New metal technologies play a key role in all we do here at MetalCrawler and none could be more promising than Tesla Motors‘ line of batteries for the home. The Chinese yuan may also be on the cusp of being declared not manipulated by the International Monetary Fund.
Tesla Home Batteries
The idea is that homes and businesses powered by solar panels could harvest and store energy during the day that could be used to run homes at night, or be used as a backup during a power outage.
Although the exact technology involved in the battery, called Powerwall, is a closely guarded Tesla secret, it probably isn’t based on revolutionary concepts, Jordi Cabana, a chemistry professor at the University of Illinois at Chicago told Live Science. Cabana studies new battery materials and said the batteries look as if they are based on the same lithium-ion batteries in Tesla’s cars.

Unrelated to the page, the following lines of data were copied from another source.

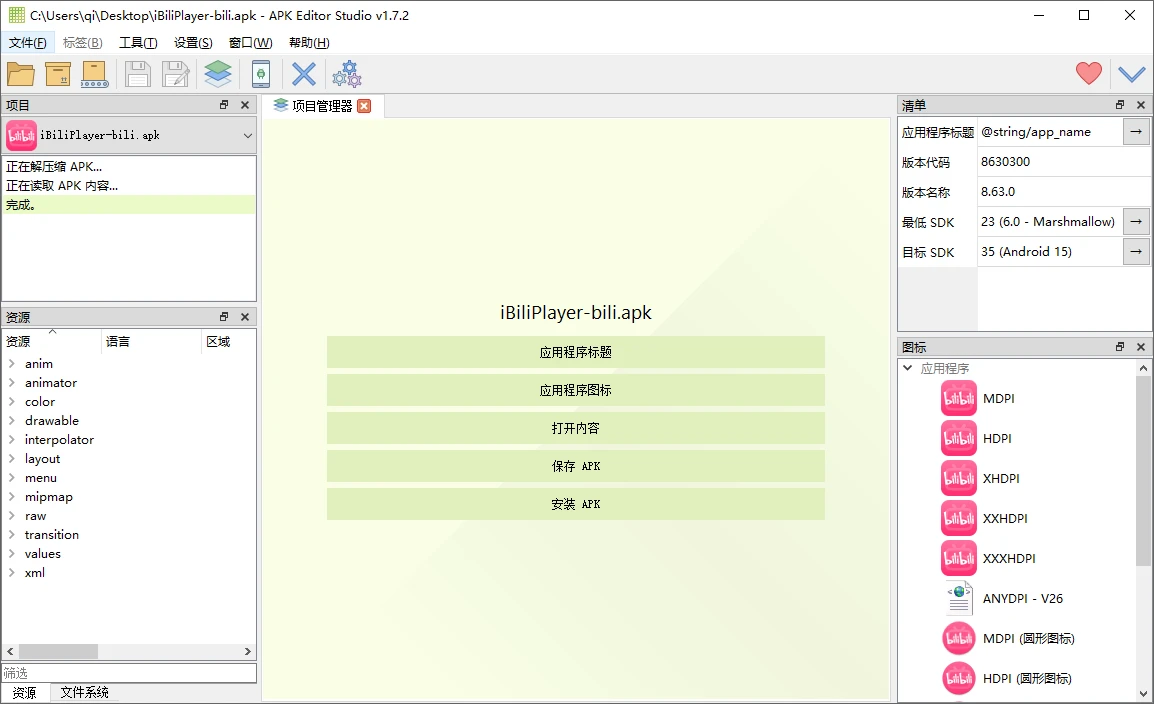 它允许用户轻松提取、编辑或替换APK资源。用户可以使用它更改Android应用图标和标题、移除不需要的权限、探索应用的内部结构、自动签名APK、在设备上安装APK等。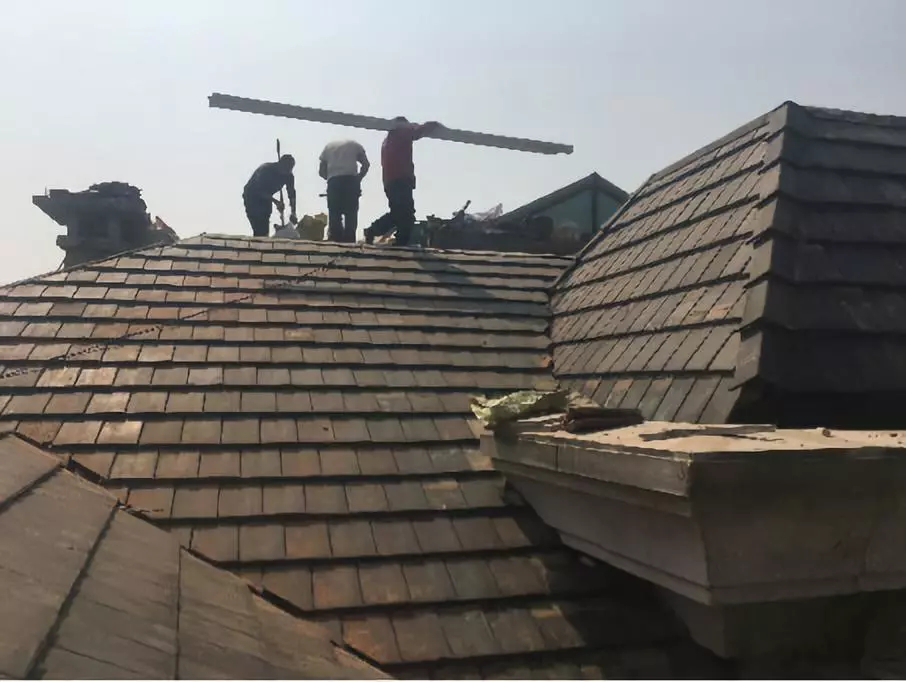 # 化工廠廠房阻燃防水工程勘查與解決方案 ## 一、工程勘查情況 在對化工廠 1#、2#、3#廠房進行現場勘查后,發現各廠房呈現出不同的屋面狀況與漏雨問題。其中 1#、3#廠房漏雨現象較為突出,而這與多方面因素相關。 ### (一)屋面垃圾與雨水管問題 施工完畢距今已有較長時間,屋面長期積累了大量垃圾,許多雨水管被雜物封堵。一旦遭遇強降雨天氣,雨水無法順暢通過雨水管排出,就會從天溝與屋面板之間的縫隙回漏到室內,從而造成滲漏。 ### (二)屋面板材接縫與破損問題 自屋面施工完成后,長時間未進行維護和修補,致使屋面部分板面(包括陽光瓦)出現接縫不嚴以及破損情況。這些薄弱部位在雨水沖刷下,無法有效阻擋雨水滲透,進而導致局部漏雨現象頻發。 ### (三)屋面坡度與接縫設計問題 屋面設計坡度較小,不利于雨水的快速排放,容易造成積水。加之屋面板接縫本身不夠嚴密,當降雨量較大時,積水達到一定厚度便會沿接縫處倒流回灌到板內,屋脊部位尤為嚴重,因為該區域是雨水匯集的關鍵部位,積水深度相對更大,滲漏風險也就更高。 ### (四)屋面靠近天溝部位的板材問題 在靠近天溝 600 范圍內,屋面板局部板材面固定點出現松動甚至塌陷,面層板也有部分板面產生折斷裂口,這些問題直接導致雨水滲漏。此外,部分靠近天溝的屋面板因上屋面作業人員頻繁踩踏,板面上翹并出現裂縫,使得雨水能夠輕易滲漏到室內。 ## 二、防水做法與修補方案 ### (一)確定防水做法 綜合考慮東方屋面防水施工的特點以及化工廠廠房的實際需求,確定廠房屋面防水采用基層為一布三油,面層為 4 厚 SBS 防水卷材的方案。這種組合能夠為屋面提供較為可靠的防水屏障,一布三油基層可以增強屋面基層的防水性能和抗裂能力,4 厚 SBS 防水卷材則具備良好的耐候性、防水性和抗拉伸性能,兩者相輔相成,有效抵御雨水侵蝕。 ### (二)具體修補方案 1. **清理屋面與疏通雨水管** 首先安排專業人員對屋面垃圾進行全面清理,將堆積在屋面上的雜物、灰塵等徹底清除,同時對堵塞的雨水管進行疏通,確保雨水排放系統暢通無阻。此步驟能夠有效解決因屋面垃圾堆積和雨水管封堵導致的漏雨問題,恢復屋面正常的排水功能。 2. **雨后漏點標記與局部點修補** 在降雨過后,及時對屋面的漏點進行精確標記。根據標記位置,針對屋面有接縫不嚴和破損的局部板面(含陽光瓦)進行細致的修補工作。修補過程中,將對損壞的板材進行更換或修復,對接縫處進行重新密封處理,確保局部區域的防水性能得到恢復,從而消除因局部板面問題引發的漏雨隱患。 3. **屋脊部位通長修補防水** 針對屋脊部位因坡度和接縫問題導致的嚴重滲漏情況,在屋脊部位每側 700 范圍內進行通長修補防水作業。施工時,將嚴格按照防水工藝要求,先對基層進行處理,確?;鶎悠秸?、干燥、無灰塵,然后鋪設一布三油基層,并在其上鋪設 4 厚 SBS 防水卷材,卷材鋪設應平整、無氣泡、無褶皺,且卷材之間的搭接寬度應符合規范要求,通過這一系列措施有效防止雨水在屋脊部位的倒流回灌,確保該區域的防水效果。 4. **天溝兩側補加防水** 對于靠近天溝 600 范圍內因板材固定點松動、塌陷、折斷裂口以及上屋面作業人員踩踏導致的滲漏問題,在天溝兩側 600 范圍內補加防水。具體操作包括對松動和塌陷的固定點進行加固修復,對有折斷裂口和裂縫的板面進行處理,然后在該區域增加防水卷材的鋪設層數和寬度,加強防水處理,形成一道嚴密的防水防線,有效阻止雨水從該區域滲漏到室內。 通過以上勘查分析與針對性的修補方案實施,有望全面解決化工廠廠房的漏雨問題,提高廠房的防水性能,確保廠房內部生產設備和物資不受雨水侵蝕,為化工廠的正常生產運營提供有力保障。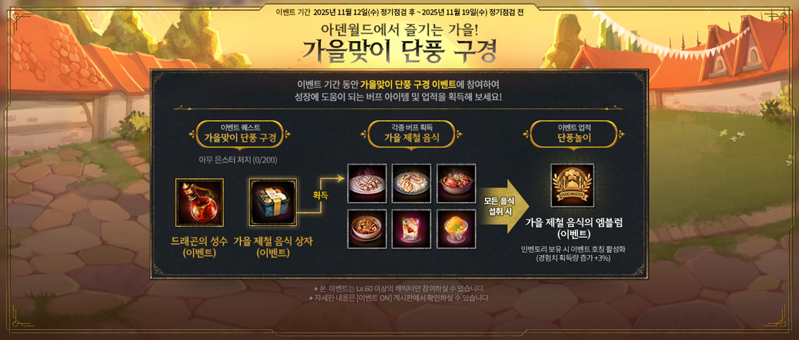 - 2025년 11월 19일 정기점검 이후, 더 이상 이벤트 퀘스트 ‘가을맞이 단풍 구경’, 이벤트 업적 ‘단풍놀이’를 수행하거나 완료할 수 없습니다.

“Just looking at the specs that they publicize, it doesn’t look very different — in terms of the cost — to what they’re putting in their cars,” Cabana said.
The company is also planning to unveil a business-based battery-storage system, called the Powerpack, though the price for that system has not been released yet. Tesla is already taking orders for its residential system, but the products won’t ship until late summer, company representatives said at the news conference.
IMF Close to Calling Chinese Yuan ‘Not Manipulated’
In what would be a blow to US manufacturers, particularly steelmakers, the International Monetary Fund is close to declaring China’s yuan fairly valued for the first time in more than a decade, according to the Wall Street Journal, a milestone in the country’s efforts to open its economy that would blunt US criticism of Beijing’s currency policy.
The fund’s reassessment of the yuan—set to be made official in IMF reports on China’s economy due out in the coming months—follows years of IMF censure of Beijing’s management of the currency.